We built an OpenStack environment with two controller nodes, two network nodes and two CEPH nodes.
The CEPH configuration was 12 osds per node and found a network node as the third monitor.
One day, we got the error message in syslog when we tried to delete 10 volumes at the same time.
After that, we can only send one request to CEPH on the same time, otherwise those requests will failed.
How can I fix this problem?

The CEPH.conf:
[global]
fsid = 8964eed8-0e19-4a49-804b-af77af5f7243
mon_initial_members = network14, ceph-113, ceph-114
mon_host = 10.2.2.104,10.2.2.113,10.2.2.114
auth_cluster_required = cephx
auth_service_required = cephx
auth_client_required = cephx
log_file = /var/log/ceph/$cluster-$name.log
log_to_stderr = false
op_thread = 10

The error message:
May 24 09:51:52 ceph-113 cinder-volume13855: Thread::try_create(): pthread_create failed with error 112016-05-24 09:51:52.020 13888 DEBUG cinder.volume.drivers.rbd [req-dda2ad7b-be14-47bc-b59c-68763e699ed2 OpenStack-admin f787ce94530445deb691961ac581902c - - -] deleting rbd volume volume-5d21cf93-d024-4247-97d1-b0f827a08e89 delete_volume /usr/lib/python2.7/dist-packages/cinder/volume/drivers/rbd.py:718
May 24 09:51:52 ceph-113 cinder-volume13855: 2016-05-24 09:51:52.022 13888 DEBUG cinder.volume.drivers.rbd [req-48d5c8cb-0c20-4d4d-8715-f1c2db6d955e OpenStack-admin f787ce94530445deb691961ac581902c - - -] opening connection to ceph cluster (timeout=-1). connect_to_rados /usr/lib/python2.7/dist-packages/cinder/volume/drivers/rbd.py:322
May 24 09:51:52 ceph-113 cinder-volume13855: Thread::try_create(): pthread_create failed with error 11Thread::try_create(): pthread_create failed with error 11common/Thread.cc: In function 'void Thread::create(const char*, size_t)' thread 7fb365313700 time 2016-05-24 09:51:52.015839
May 24 09:51:52 ceph-113 cinder-volume13855: common/Thread.cc: 160: FAILED assert(ret 0)
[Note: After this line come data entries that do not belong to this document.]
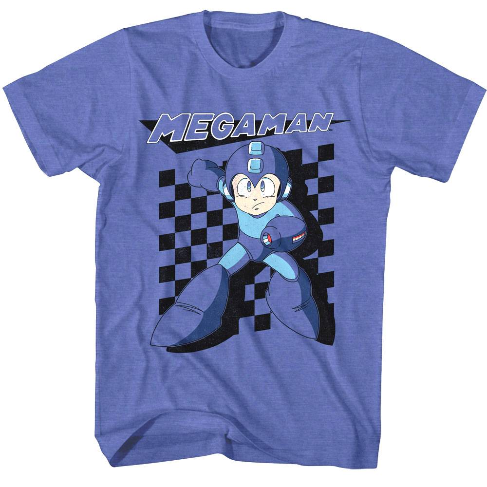 Capcom had yet another hit with Mega Man, who starred in a series of robot characters all known as Megaman (or Rokkuman in Japan). Having appeared on many gaming systems since his first appearance on NES Nintendo Entertainment System in 1987, Mega Man has had a wide gaming audience, but he is still battling the evil Dr Wily with his trusty pets. If you are a retro gamer then this vintage style graphic Megaman Checkered Flag t-shirt is for you, featuring your favorite old-school characters.
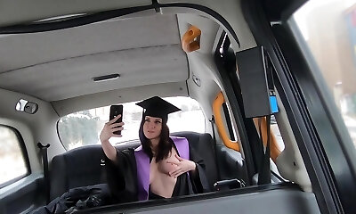 big nose unexperienced stunner pounds in fake taxi
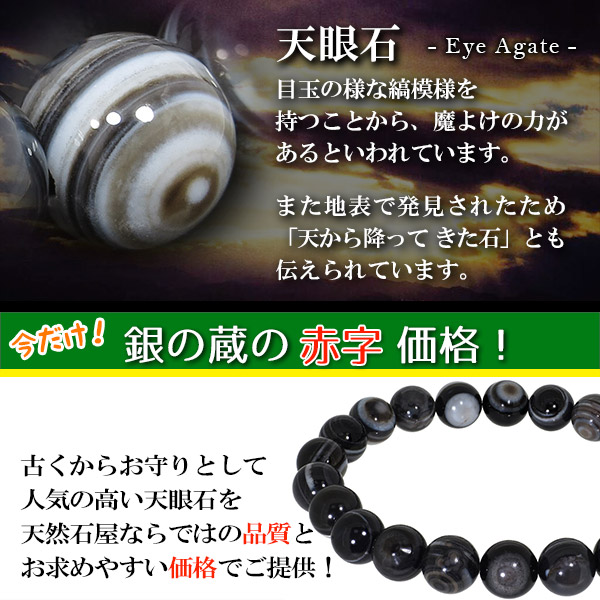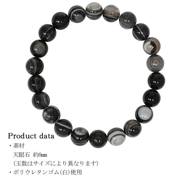 天眼石 ブレスレット 8mm 16.5cm〜20.5cm S〜LL サイズ 天然石 パワーストーン アイアゲート 瑪瑙 メノウ 縞瑪瑙 メンズ レディース お守り 厄除け

May 24 09:51:52 ceph-113 cinder-volume[13855]: ceph version 10.2.0 (3a9fba20ec743699b69bd0181dd6c54dc01c64b9)
May 24 09:51:52 ceph-113 cinder-volume[13855]: 1: (()+0x16ad90) [0x7fb6d9efdd90]
May 24 09:51:52 ceph-113 cinder-volume[13855]: 2: (()+0x18e31a) [0x7fb6d9f2131a]
May 24 09:51:52 ceph-113 cinder-volume[13855]: 3: (()+0x333432) [0x7fb6da0c6432]
May 24 09:51:52 ceph-113 cinder-volume[13855]: 4: (()+0x3352c4) [0x7fb6da0c82c4]
May 24 09:51:52 ceph-113 cinder-volume[13855]: 5: (()+0x33893d) [0x7fb6da0cb93d]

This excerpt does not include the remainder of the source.